Excerpts from a dataset:
- Opening Delimiter -

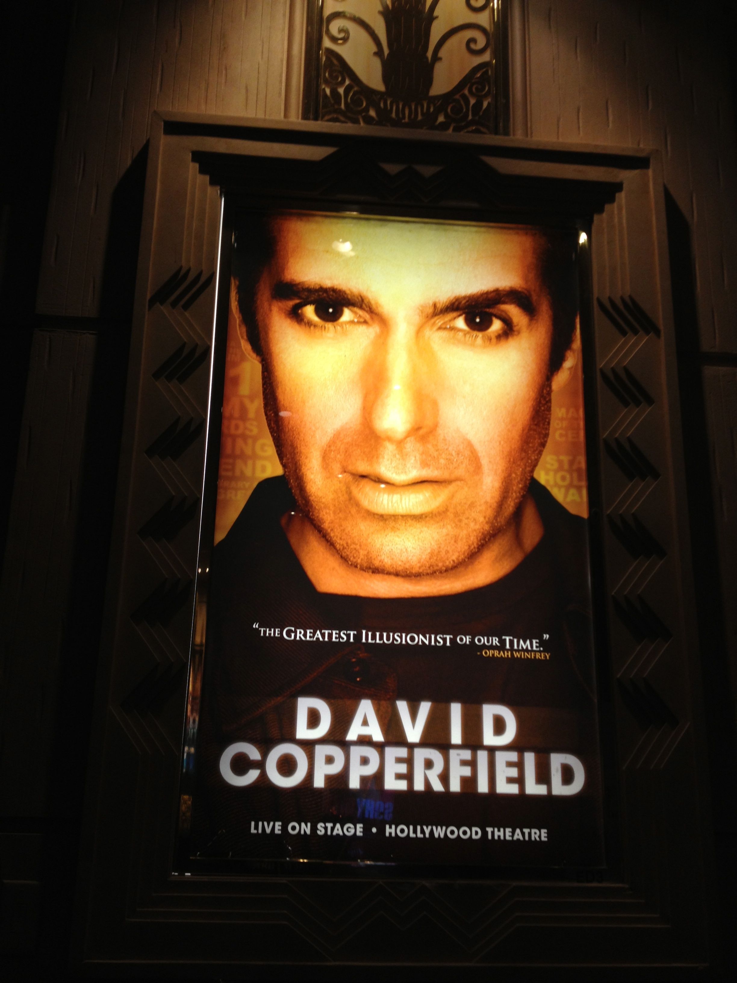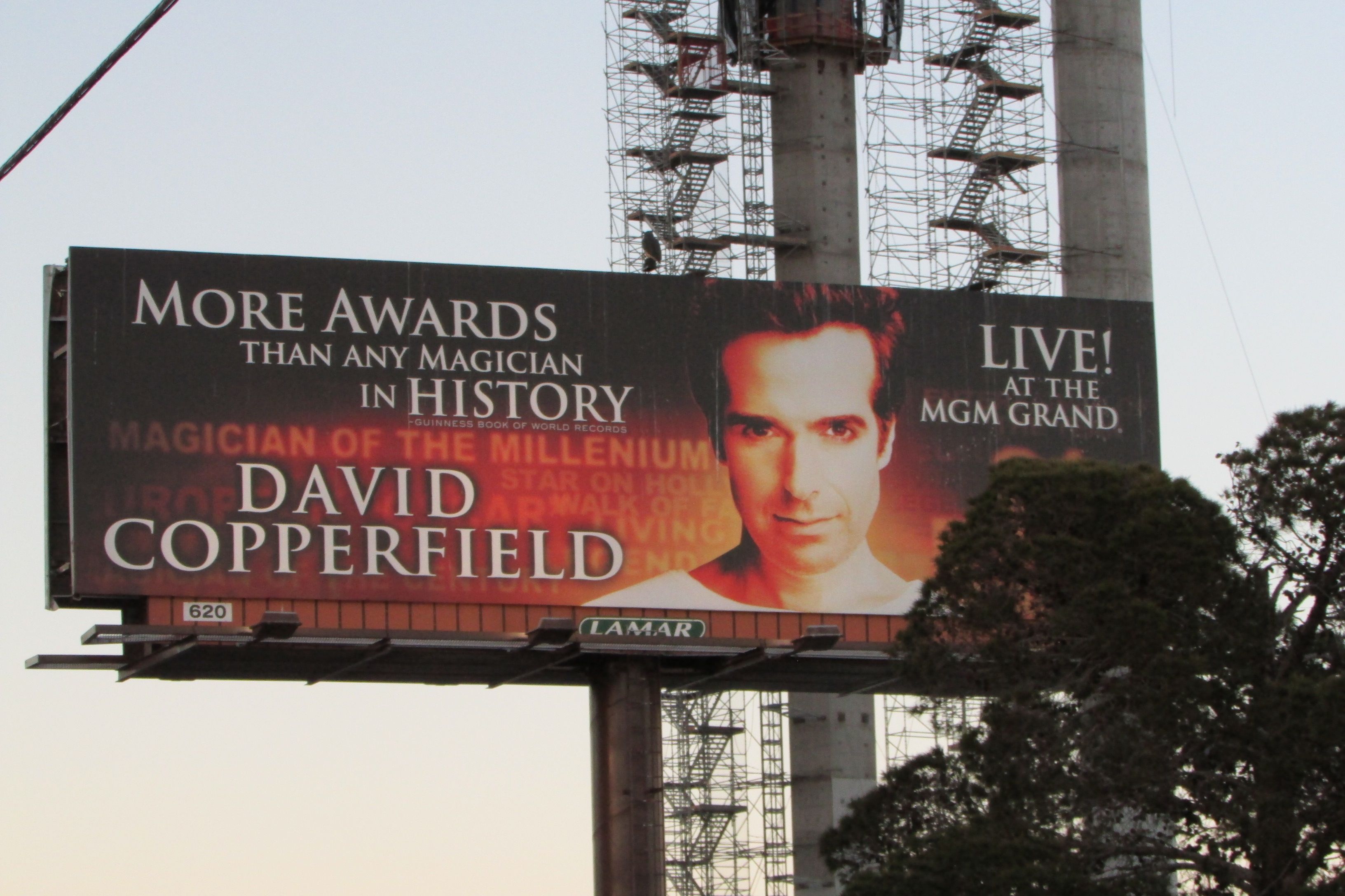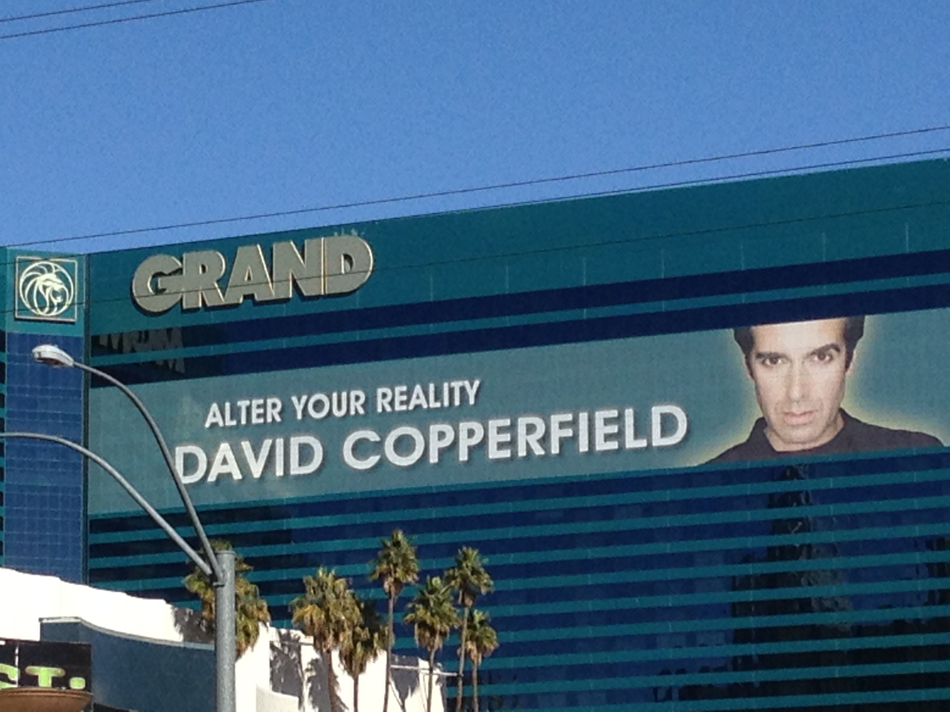 Currently he is booked at the MGM Grand, but he is everywhere in LV. At least his eyes are. If you thought the Mona Lisa’s eyes look everywhere, remember she is 30″ by 20 7/8″ and kept behind a glass case. David Copperfield is emblazoned on several sides of a very large building. He’s also on posters, billboards and cabs. So he stalks you with his unsettling stare.
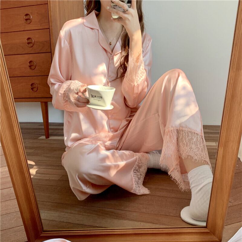 通気性がいい レース 無地 折り襟 ボタン付き シンプル ins 長袖セット・パジャマ37063467
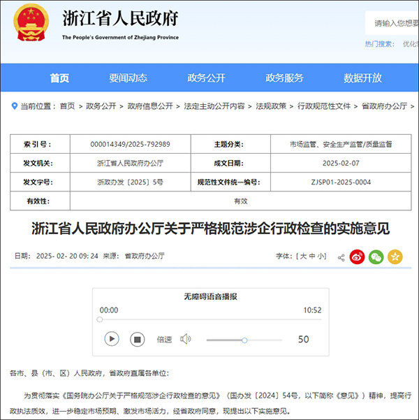 2月20日,浙江省人民政府網站公佈由省政府辦公廳印發的《關於嚴格規範涉企行政檢查的實施意見》。
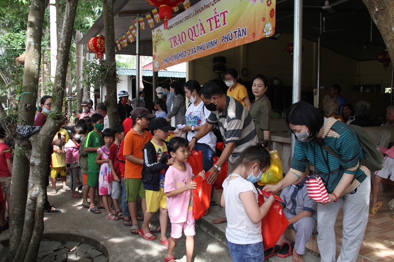Mỗi phần quà gồm gạo, mì ăn liền, chăn đắp, nhu yếu phẩm cần thiết trị giá trên 400.000 đồng. Ngoài ra, Đạo tràng Trúc Lâm Đông Quang còn tặng 100 phần quà là bánh kẹo cho các trẻ em trên địa bàn. Kinh phí và vật phẩm trong đợt từ thiện này là sự vận động đóng góp của các Đoàn phật tử thuộc hệ phái Trúc Lâm tại TP Hồ Chí Minh, TP Biên Hoà và tỉnh Bình Dương.
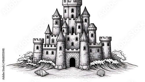 © Lang, Obraz premium sand castle sketch engraving vector illustration T-shirt apparel print design Scratch board imitatio

- Closing Delimiter -

▶ **WHAT YOU WILL DO**
Repeat exactly the lines from the one containing "通気性がいい レース 無地" through the last line of the records above, both included, and leave out the pictures.

▶ **RESPONSE BOX**
 通気性がいい レース 無地 折り襟 ボタン付き シンプル ins 長袖セット・パジャマ37063467
 2月20日,浙江省人民政府網站公佈由省政府辦公廳印發的《關於嚴格規範涉企行政檢查的實施意見》。
Mỗi phần quà gồm gạo, mì ăn liền, chăn đắp, nhu yếu phẩm cần thiết trị giá trên 400.000 đồng. Ngoài ra, Đạo tràng Trúc Lâm Đông Quang còn tặng 100 phần quà là bánh kẹo cho các trẻ em trên địa bàn. Kinh phí và vật phẩm trong đợt từ thiện này là sự vận động đóng góp của các Đoàn phật tử thuộc hệ phái Trúc Lâm tại TP Hồ Chí Minh, TP Biên Hoà và tỉnh Bình Dương.
 © Lang, Obraz premium sand castle sketch engraving vector illustration T-shirt apparel print design Scratch board imitatio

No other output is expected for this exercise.